Molecular Machine Updates
Scientists continue to make headway understanding the detailed workings of molecular motors. The two most famous rotary motors yielded additional secrets recently:
- ATP Synthase: “Making ATP” was the short title of a paper in PNAS this week.1 Xing, Liao and Oster came up with a model that linked the rotation of the gamma subunit (the camshaft) to the beta subunits in the F1 hexamer, where ATP synthesis occurs. They identified two “bumps” in the potential curve that prevent back-slippage of the rotor. The shaft is tightly coupled to the lobes, to produce a kind of “zipping” effect of hydrogen bonds as the beta subunits bend along a hinge during the catalytic function.
The eta part of the stator is apparently also essential in preventing slippage, in order to couple the energy to the synthesis function. Mutations were shown to flatten the “energy bumps” on the potential curve, making slippage more likely.
They also noted that in ATP hydrolysis mode (the reverse cycle) ADP tends to get stuck in the mechanism; “this is hardly surprising,” they said, “because F1 evolved to synthesize, and only under laboratory conditions does the eukaryotic F1 operate in hydrolysis mode.” The bacterial ATPase and vacuolar ion pump do operate in hydrolysis mode in vivo and presumably do not have this inhibition problem.

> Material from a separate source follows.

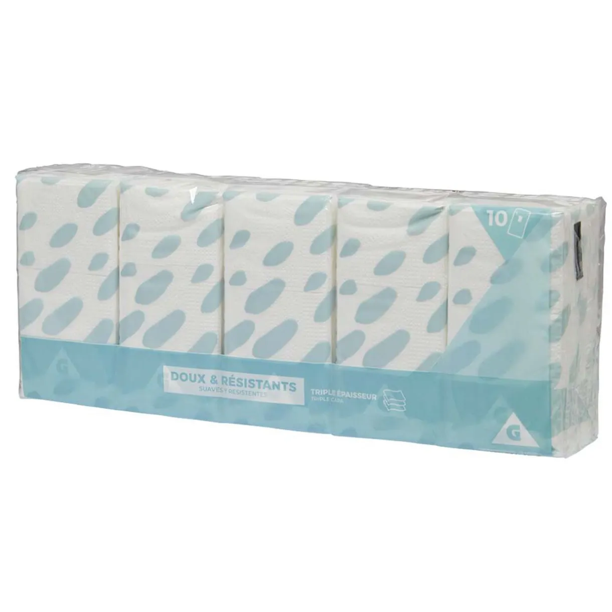 Lot de 10 paquets de mouchoirs en papier blanc. Gardez toujours en un à glisser dans la poche ou le sac pour ne jamais être à court.
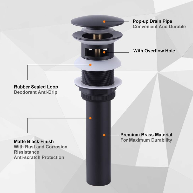 - PREMIUM MATERIAL - Pop-up drain stopper, drain flange, threaded pipe are made from brass, tailpiece is made from stainless steel. All metal construction for maximum durability.

Their lingo on this point mixes design and evolution: “The V1 motor of the vacuolar ATPase, being designed for ion pumping, may have avoided ADP inhibition by the evolution of additional subunits” (emphasis added in both quotes).
- Bacterial Flagellum: A Japanese and UK team publishing in Nature2 found stepping behavior in the flagellar rotor by direct observation. The torque generation by the ion flux may be responsible for the rotation taking place in measurable steps. Their observations “indicate a small change in free energy per step, similar to that of a single ion transit.” They mentioned that this had been seen in ATP synthase, but never before in the bacterial flagellum. They measured about 26 discrete steps per revolution. There was no mention of evolution in the paper.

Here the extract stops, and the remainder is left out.